The danger from a growing number of people living next to power lines and dry forests as the climate changes wasn’t unknown, but it wasn’t front of mind before electrical systems started a series of fires that swept through Northern California two years ago, leaving a trail of destruction and killing dozens. What seemed unthinkable was repeated just a year later, when PG&E power lines started the Camp Fire that destroyed the town of Paradise and killed 85 people.

PG&E operates some 125,000 miles (200,000 kilometers) of power lines, enough to wrap around the equator five times. Much of the system traverses remote forests that are dry from years of drought and dense from a lack of logging or natural fires. California has 138 million dead trees, all of them potential fuel for fire.

“There’s a ton of blame to go around here” – Christopher Knittel, director of Center for Energy and Environmental Policy

Meanwhile, a shortage of housing in cities — and stiff resistance to building more — has pushed new construction into forested areas, where there are few barriers to building.

And the climate is warming. While scientists can’t blame climate change alone for any one fire, they say it contributes to drier brush, hotter temperatures and stronger winds, all of which help flames spread farther, faster. Five of the 10 largest fires and seven of the 10 most destructive have happened in the last decade. The deadliest were started by power lines.

More than half of PG&E’s 70,000 square miles (181,000 square kilometers) of service territory is designated as high risk for fires, according to the company’s wildfire mitigation plan submitted this year to the state’s utility regulator, the California Public Utilities Commission.

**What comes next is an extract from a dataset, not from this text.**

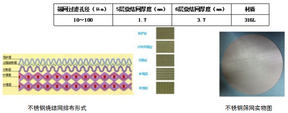 上下篩網(wǎng)為多層結構的不銹鋼燒結網(wǎng)。 與聚乙烯篩網(wǎng)不同:聚乙烯篩網(wǎng)為疏水性質(zhì),需要在裝柱前充分潤濕,而不銹鋼篩網(wǎng)則不需要提前潤濕。不銹鋼燒結網(wǎng)由保護層、過(guò)程控制層、分散層及2~3層補強層燒結而成。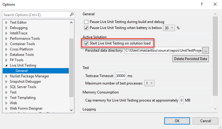 You can enable live unit testing automatically when you open the solution in the options window:

A Pacific Gas & Electric worker replaces power poles destroyed by wildfires in Glen Ellen, Calif.(AP Photo/Ben Margot, file)

Kris Mayes, Arizona’s former top utility regulator who now leads the Utility of the Future Center at Arizona State University, said PG&E should be broken into two or three more manageable entities, and California should shift to “performance-based regulation” that rewards utilities for things like safety, reliability, customer service or the amount of renewable energy. Utilities now are awarded a fixed profit on their investments. The need for long-distance transmission lines could be reduced by conserving energy and generating and storing more of it locally, she said.

“The utilities have been rewarded over decades for building big stuff, including these power lines that are now causing fires,” Mayes said.

Whatever route PG&E goes, it still faces extensive debt for its existing infrastructure and stiff liabilities from starting the two deadliest and most destructive wildfires on record in United States history. Those costs, and likely the cost for system upgrades, are likely to be passed to its customers.

“This is an unacceptable situation in California, and no utility should ever put its customers in harm’s way,” Mayes said. “It’s just not supposed to happen.”